As I see it both the U.S. and British Virgin Islands could be seen as autonomous areas now. An autonomous administrative division is a subnational administrative division or internal territory of a sovereign state that has a degree of autonomy—self-governance—under the national government.
According to Native News Online, Michigan has 12 tribes* currently recognized by the federal government. They are considered sovereign states within the larger state and therefore are also autonomous administrative divisions.
When you ask, what benefit could it be to be an automous area within the United States, simply look at the sovereignity of these Indian tribes. It is more than the lure of casino money. In the USVI we have the right to create casinos now. It is more in the area of self-rule, Earth stewardship and the territory that entails.
Indian tribes in the United States are growing in strength and importance and as they grow they reveal new patterns where other autonomous areas can thrive. Ours would be one of those. Currently, we are two autonomous areas connected in geography but disconnected by design. Divided we serve two masters when united we could have two masters serving us.

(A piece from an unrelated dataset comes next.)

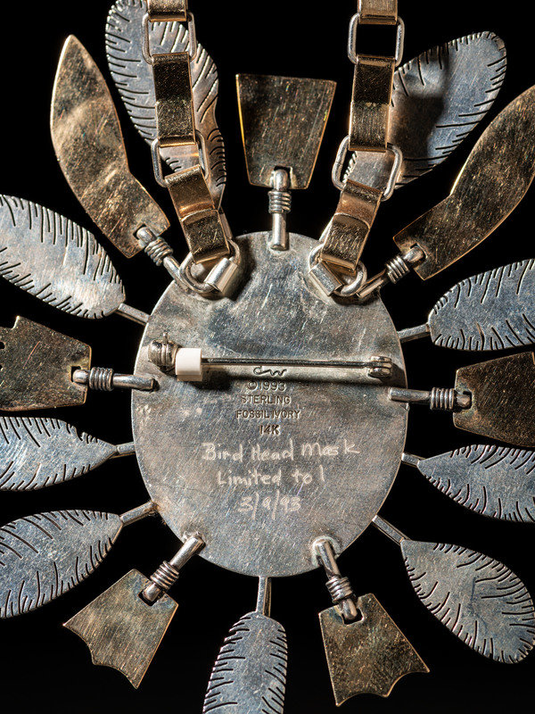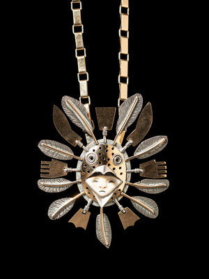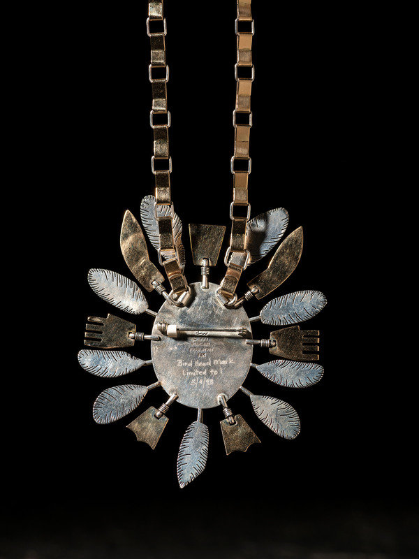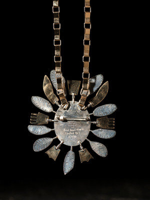 with removable link chain, the pendant can form a pin; signed, dated, titled, and editioned on reverse

As the Virgin Islands Customs Zone we are focused on import and export trade, but by creating the zone, we also create a governing standard which can be extended to social standards. The social standards in the British Virgin Islands are more restrictive than those in the US Virgin Islands as witnessed when you enter a BVI port of entry. There is a line for Belongers and another marked Non-Belongers. In the USVI there is no such standard.

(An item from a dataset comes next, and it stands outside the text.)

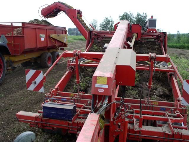 Biologische aardappels rooien door loonbedrijf Klootwijk uit Strijen met een Fendt 716 en Grimme GV 3000, 4 rijige wagenrooier.

This is one area that could make an amalgamaton like this impossible. The standards of both territories are different enough to be noticeble among individuals. In a crowd of brown-skinned Virgin Islanders you could not pick out the BV Islanders from the USV Islanders, but hear them talk, see them functioning among themselves and suddently they shape themselves into two different groups of people. Mixing them to form one would be the work of centuries, but there is no need of that to form the Virgin Islands Customs Zone, which seen as an autonomous administration division becomes a sovereign state within two nations Great Britain and the United States.
The nexus of these two best of allies in the South Atlantic feels like the completion of something that didn’t know it needed to be completed. It’s a happy alliance on the macro and micro scale. The US and Great Britain will see themselves as parents of this child of which they are both responsible. And as you know, the strangest bed fellows will stay together if just for the sake of the children. So in this way, creating the Virgin Islands Customs Zone is a bond of peace between two already well-bonded nations.
What would it do for us and how it will work is part of the fun of creation. It’s the discovery of what we have and the shaping of it. What if, for instance, we were to create it so the VI Customs Zone was the only place to repatriot US Foreign Corporation profits. (That’s trillions of dollars, mehsahn.) The USVI has the experience of the FSC evolution, giving them 37 years of dealing with US corporations’s foreign sales, and the BVI has one of the best international business statues in the world, or did last time I looked. Amalgamate that experience and knowledge into one Virgin Islands Customs Zone and we secure our own prosperity for posterity independent of both parent countries.